*TASK*: Look through the material below and copy exactly the lines from the line with "ローポンプで圧力をかけて詰ま" to the line with "静岡ドラゴンボート大会「ツナ", those two lines included.

*INPUT FOR THIS TASK*:
————————
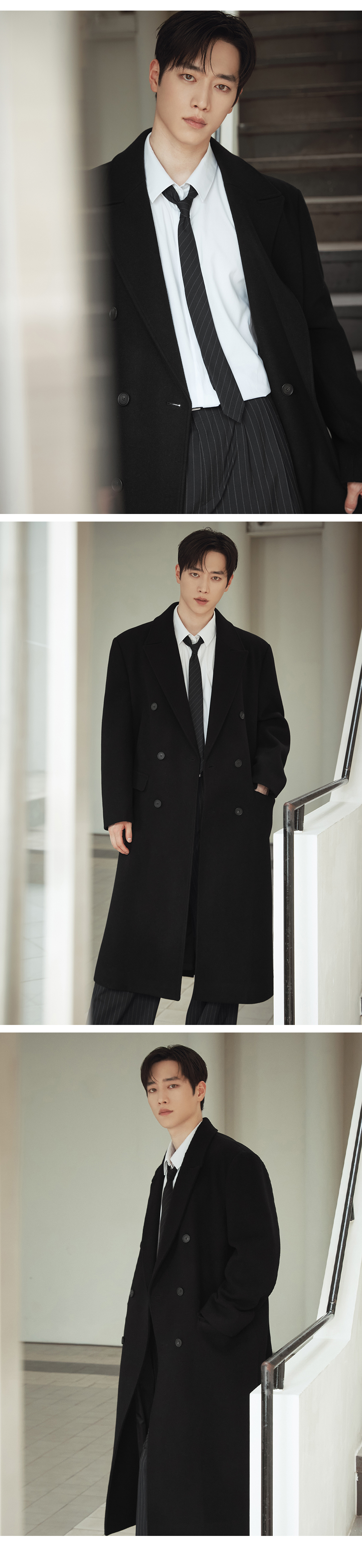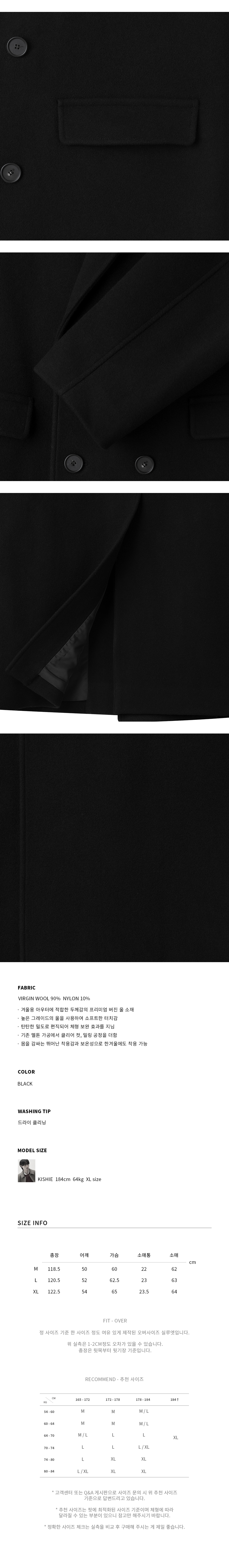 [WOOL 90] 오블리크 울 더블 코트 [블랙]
————————
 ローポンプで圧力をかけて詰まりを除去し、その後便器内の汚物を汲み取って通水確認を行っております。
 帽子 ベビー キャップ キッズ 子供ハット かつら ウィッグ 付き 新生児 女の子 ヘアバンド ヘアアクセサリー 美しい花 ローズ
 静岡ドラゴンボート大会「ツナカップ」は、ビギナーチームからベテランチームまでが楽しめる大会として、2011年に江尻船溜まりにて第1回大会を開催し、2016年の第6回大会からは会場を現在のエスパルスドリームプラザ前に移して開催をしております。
————————
*SOLVED PROBLEM*:
 ローポンプで圧力をかけて詰まりを除去し、その後便器内の汚物を汲み取って通水確認を行っております。
 帽子 ベビー キャップ キッズ 子供ハット かつら ウィッグ 付き 新生児 女の子 ヘアバンド ヘアアクセサリー 美しい花 ローズ
 静岡ドラゴンボート大会「ツナカップ」は、ビギナーチームからベテランチームまでが楽しめる大会として、2011年に江尻船溜まりにて第1回大会を開催し、2016年の第6回大会からは会場を現在のエスパルスドリームプラザ前に移して開催をしております。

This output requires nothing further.